Among the 41 counties that make up Texas’ godforsaken 13th congressional district, there are no blue spots at all. It’s a largely unvaccinated rural hellhole that includes 2 of the most politically backward, anti-American counties in America: King County and Roberts County. In 2020, Trump won the 13th district with 72% (one of his best showings anywhere). He won King County with 94.97% (8 people voted for Biden) and Roberts with 96.18% (Biden had 17 supporters). Trump’s personal physician, drug-addicted crackpot Ronny Jackson was on the ballot for the first time that year. The voters in the Panhandle and the shitholes northwest of Dallas up against the Oklahoma border, found just what they were looking for. Jackson won every county and took 79.4% of the vote, even better than Trump! If Marjorie Traitor Greene declares a “national divorce,” TX-13 will be the first to join her— and I, for one, won’t shed a tear.


In his first run for anything, 217,124 people voted for Jackson, likely, I regret having to say, not a sentient being among them.  Jackson, the White House drug dealer under both Obama and Trump said he didn’t prescribe fentanyl and morphine… which is true; but he just handed out the drugs without prescriptions.


Bush brought Jackson into the White House Medical Unit and Obama let him stay. Trump absolutely loved him— he gave a notorious Jan. 16, 2018 press conference lying about Trump’s health, claiming he had “incredibly good genes,” performed “exceedingly well” on a cognitive test and claiming that “if he had a healthier diet over the last 20 years, he might live to be 200 years old”— and appointed him Secretary of Veteran Affairs. But not even a rubber-stamp Republican Senate was up for confirming a drug addicted sexual predator and psychopath… so, after serving as Trump’s Chief Medical Advisor (a made up position), he decided to represent TX-13 in Congress instead. After blatantly lying about Trump’s weight and height to cover up his obesity, Trump nominated him for Naval promotions. The Senate turned him down both times.


Today, Jackson is a happy alcoholic spouting whatever the MAGA line for congressmembers is on any particular day. Yesterday, Dan Diamond and Michael Kranish reported how the extremist loon got his White House nicknames: “Dr Feelgood” and “the Candyman.”


In her memoir, Unhinged, Omarosa blew the whistle on the way Jackson ran the White House Medical Unit: “They would give out anything, right from the bottle, no prescription needed.” Diamond and Michael Kranish reported that “Now, the Pentagon has confirmed many aspects of what Manigault Newman said was an open secret among senior officials. A long-awaited inspector general’s report released last month faulted previous White House medical teams for widely dispensing sedatives and stimulants, failing to maintain records on potent drugs including fentanyl, providing care to potentially hundreds of ineligible White House staff and contractors, and flouting other federal regulations. ‘We concluded that all phases of the White House Medical Unit’s pharmacy operations had severe and systemic problems,’ the report concluded, adding that the challenges threatened the unit’s primary mission— to keep the president and vice president healthy and safe.”
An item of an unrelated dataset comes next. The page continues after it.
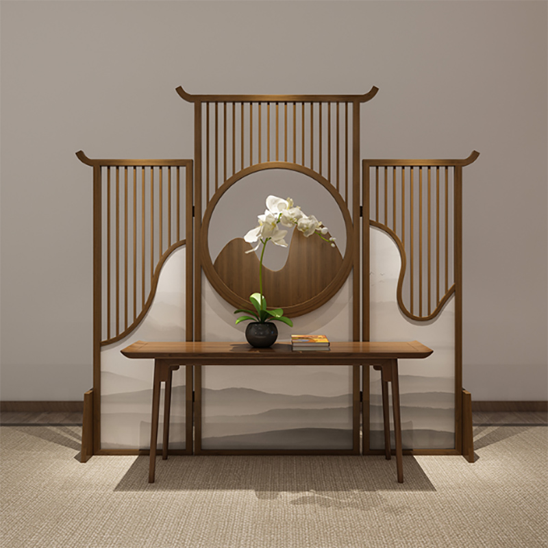屏风隔断墙新中式客厅进门遮挡分隔神器可移动实木圆形山水座屏

The inspector general’s report sparked significant public alarm. But a Washington Post review found problems with the unit’s conduct were even more pronounced than the Pentagon’s latest findings, according to administration documents and interviews with former White House staffers and medical unit members, who spoke on the condition of anonymity to discuss private conversations and internal procedures.
Four former members of the White House Medical Unit confirmed that in both the Trump and Obama White Houses, the team passed out sedatives such as Ambien and stimulants such as Provigil without proper prescriptions, provided complimentary medical equipment and imaging to ineligible staffers, and used aliases in electronic health records to disguise the patients’ identities and deliver free care in cases where the recipients wouldn’t be eligible.
Former staffers said those practices were shaped by Ronny Jackson, an emergency medicine physician who led the team under President Barack Obama, continued to exert control over it as President Donald Trump’s personal doctor, and ultimately spent nearly 14 years in the White House. Now a Republican congressman, Jackson used his proximity to both presidents to build influence by dispensing medical care and drugs without proper procedures, the staffers said— conduct that earned him nicknames such as “Candyman” or “Dr. Feelgood,” according to a whistleblower complaint to Congress in 2018.
According to Jackson’s own portrayal, he worked as a personal doctor to dozens of officials, providing whatever they needed and whenever they needed it.
“It was full-blown, over-the-top, concierge executive medicine, and we did it better than anybody else on the planet. As a result, everyone treated me and my team very well,” Jackson wrote in his 2022 memoir, Holding the Line, where he described how his practices helped him win favor with both Obama and Trump. “The entire medical unit had a special place in the hierarchy of the White House… I had a lot more to offer than any doctor they had ever had before, and they needed me close by.”
The congressman and his allies have dismissed criticism about his work in the White House as politically motivated, anti-Trump attacks— a message his office echoed recently, alleging in an email that the inspector general is helping conduct a “hit job directed at the healthiest President of all time.” Jackson’s office also argued that he should not be blamed for events that took place after December 2014, when he stepped down as the medical unit’s director while remaining in the influential role of physician to the president, and said that White House lawyers and senior Defense Department officials were aware of the unit’s practices, contrary to the inspector general’s findings.
… Jackson’s former colleagues say they remain concerned about his conduct and proximity to power. The longtime military doctor is arguably the most prominent voice who has vouched for the health and mental acuity of Trump as he seeks to return to the White House. The new Pentagon report also arrives amid widespread questions about the 81-year-old Biden’s own fitness to serve, placing new scrutiny on the White House medical team trusted with his health.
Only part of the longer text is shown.